Snap Shots

So I’ve had this long-running thought-thread about what we “mean” when we make certain kinds of links in a web page. In some cases, you are quite specifically trying to send someone to a destination. However, there’s another sense in which your intention is more to clarify/elaborate/disambiguate the linked text. For example, if you are writing about Jazz, you might want to make it clear which George Lewis you are writing about: the trombone player and educator or the hot jazz clarinetist. (For that matter, the Wikipedia disambiguation page for George Lewis lists those two and six more!)
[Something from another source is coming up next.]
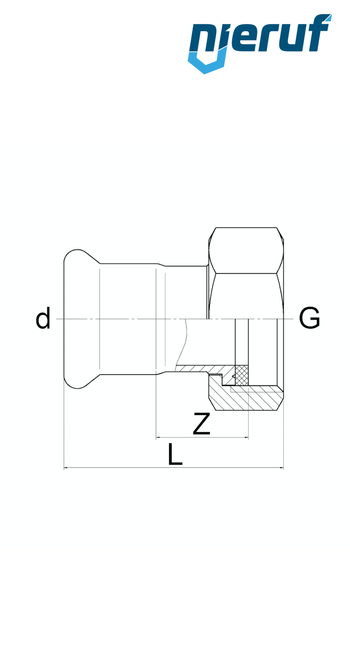 raccord à visser femelle PF01-08 avec raccordement par sertissage F DN32 - 35,0 mm, femelle 1 1/2" pouce en acier inoxydable pour fluides liquides et gazeux

Now, individual humans don’t have simple public universal identifiers (yet!) but some things do. Books are a very obvious example. Publishers have been assigning ISBN numbers to books for more than forty years, and this is done even by small publishers today. Often when someone links to a book at Amazon, they are doing it more to give you a clear idea of which book they are talking about, even though they are not particularly trying to get you to use Amazon.
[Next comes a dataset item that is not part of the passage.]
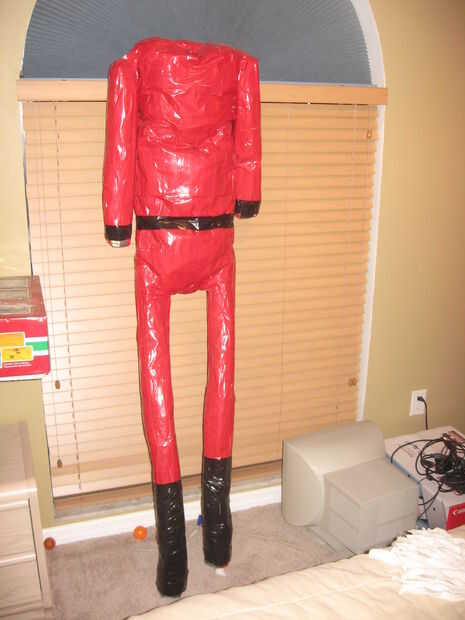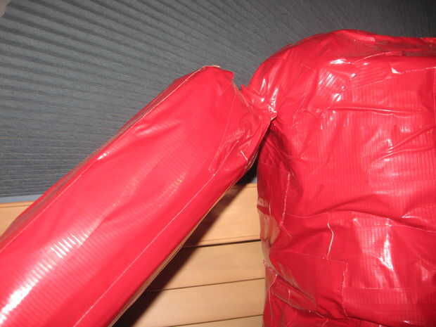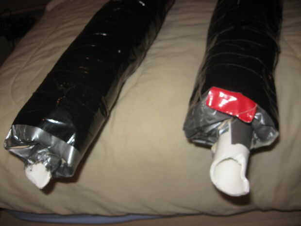 Entonces había rodado y había grabado las hojas en cilindros. El diámetro de cada cilindro depende del tamaño de la parte del cuerpo que me estaba haciendo. Torso de Papá era obviamente el cilindro más grande, mientras que los brazos y piernas eran mucho más. He pegado un extremo de cada uno de los cilindros y luego los rellenas con periódicos arrugados. Las piernas apoyar más peso, por lo que he insertado huesos de tubería de PVC va a través de las piernas. Todo fue luego con cinta de cierre y luego grabado juntos.

To stay specific, imagine that I’m writing about a book I’ve been reading lately, Sweetness and Power. I could link to its amazon page. But maybe you prefer to shop at Powell’s. (They do have it 2 bucks cheaper.) Or maybe you just want to see its LibraryThing page.
Or maybe you want to see if it’s available at your local library. If you’re a real geek, perhaps you’ve installed Jon Udell’s remarkable Library Lookup bookmarklet, but that only works once you’ve gone to the destination page. (This presumes you live in a more technologically enlightened library district than the Chicago Public Library’s, whose database is fundamentally at odds with any kind of citizen mashup cleverness.) You would prefer that I simply provide the ISBN alongside the book (or rather, in markup tags around the book), but there’s no commonly used way to do that.
There is a very old specification for this kind of thing called URN, which is in fact related URL and URI which you’re more likely to have heard of. (The W3C tries to explain this family of ideas, but if you’re not hardcore, you might be better off with Wikipedia.) In fact, a specification for URNs describing ISBNs was published five and a half years ago. Nevertheless, URNs have not really taken off, no doubt largely because of the bootstrapping problem — if no browser does anything smart with URNs then what motivation do authors have for using a URN instead of a URL — browsers know what to do with URLs.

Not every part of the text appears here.